1, built-in variables

  • FS input field separator, default blank

  • RS input record separator, default newline

  • OFS output field separator, default whitespace

  • OFS output field separator, that the default newline

  • NF number of fields in the current row

  • print NF number of fields display the current line

  • print $ NF NF field displays the value of the current row       

 

 

  • NR record number

  • FNR files were counted, line numbers

  • FILENAME 当前文件名

  • ARGC 命令行参数的个数

  • ARGV 保存命令行所给定的各参数的数组

2、自定义变量

(1)-v VALUE (变量名称区分大小写)在这里文件ceshi.txt中有多少行就显示多少行变量的值

awk -v fan="cool"  '{print fan}' ceshi.txt
 

image.png

(2)在program中自定义变量

awk 'BEGIN{FS=":";abc=1}{print $abc}' ceshi.txt
 

image.png


四、awk的格式化输出

语法 printf FORNAT,item1,item2

  • FORMAT必须提供

  • 与print语句不同,printf不会自动换行,需要使用换行符\n

  • FORMAT中需要分别为后面的每个item指定一个格式符,否则item无法显示;

格式符介绍:

  • %c 显示字符的ASCII码

  • %d ,%i 显示为十进制整数

  • %e,%E 科学技术法显示数值

  • %f 显示为浮点数

  • %g,%G 以科学技术法或浮点数格式显示数值

  • %s 显示为字符串

  • %u 显示无符号整数

  • %% 当需要显示%号时需要连续打两个百分号

举例说明:

cat ceshi.txt |awk -F: '{printf "%-10s%s\n",$1,$3}'
 

image.png


五、awk的操作符

  • 算术操作符     如:A+B A-B A*B A/B

  • 字符操作符     字符串链接

  • 赋值操作符     如:== += /= %=

  • 比较操作符     如:> >= < <=

  • 模式匹配操作符  ~ 是否能由右侧指定的模式所匹配  !~是否不能由右侧指定的模式所匹配

  • 逻辑操作符     && 与运算 || 或运算

  • 条件表达式     selector?if-true-expression:if-ials-expreion  

  • 函数调用        调用函数来进行数据的处理

举例说明

通过df命令查看当前系统磁盘占用率,查出占用率大于等于百分之20的磁盘名称以及磁盘占用率

df|awk -v FS=% '$0 ~ "/dev/sd" {print $1}'|awk '$NF>=20 {printf "DevName:%-10s Used:%s%%\n",$1,$5}'
 

image.png

awk -v FS=: '{$3>=5?usertype="Big User":usertype="Small User";printf "UserName:%-15s Type:%s\n",$1,usertype}' ceshi.txt
 

image.png


六、awk的控制语句

  • if(condition){statements}[else {statement}]
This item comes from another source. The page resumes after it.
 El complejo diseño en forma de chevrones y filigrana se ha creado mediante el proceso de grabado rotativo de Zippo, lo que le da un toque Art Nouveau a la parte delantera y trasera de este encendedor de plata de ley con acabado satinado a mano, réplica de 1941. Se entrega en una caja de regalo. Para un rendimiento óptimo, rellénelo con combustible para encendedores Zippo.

awk -F: '{if($3>=5){printf "%-10s%s\n",$1,$3}}' ceshi.txt
 

image.png

  • while循环 while(condition){statements}

echo {1..10} |awk '{n=1;while(n<=NF){if($n%2==0){print $n,"oushuo"}else {print $n,"jishu"};n++}}'
 

image.png

  • do-while循环

  • for循环

awk BEGIN'{for(i=1;i<=1000;i++){sum+=i};print sum}'
 

image.png

  • break

  • continue

  • delete array

  • exit

  • next     提前结束对本行文本的处理,而提前进入下一行的处理操作

awk -F: '{if($3%2==0)next;print $1,$3}' ceshi.txt
 

image.png


七、awk的性能测试

实验:从1加到100等于多少?

(1)time seq -s "+" 5000000 |bc

image.png

(2)time awk BEGIN'{for(i=1;i<=1000000;i++){sum+=i};print sum}'

image.png

(3)time awk BEGIN'{i=1;while(i<=1000000){sum+=i;i++};print sum}'

image.png

(4)time for ((i=1;i<=1000000;i++));do let sum+=i; done;echo $sum

image.png


八、awk数组

数组是一个包含一系列元素的表

格式如下:

                  abc[1]="libai"

                  abc[2]="lihei"

abc为数组名,[1][2]为数组下标,可以认为是数组的第一个元素,第二个元素,"libai""lihei"是元素的内容

举例说明:

awk 'BEGIN{fan[0]="libai";fan[1]="lihei";print fan[0]}'
 
awk 'BEGIN{fan[0]="libai";fan[1]="lihei";print fan[1]}'
 

image.png

awk 'BEGIN{fan[0]="libai";fan[1]="lihei";for (i in fan)print i}'
 

image.png

awk -F: '{{fan[NR]=$1;}{print NR,fan[NR]}}' ceshi.txt
 

image.png

利用数组统计每个ip地址访问量(编辑一个文件,该文件存储ip地址)

image.png

awk '{array[$1]++} END {for(key in array) print array[key],key}' a|sort -r
 

关于array[$1]++ 

(1)awk在读取第一行的时候,会读取这个数组,此时的数组是这样的,array["第一行的内容"]++

(2)此时该数组的值还没有定义,但后面有运算符号++,所以awk会将数字0自动赋值给array["第一行的值"]做++运算,所以得到的值为1.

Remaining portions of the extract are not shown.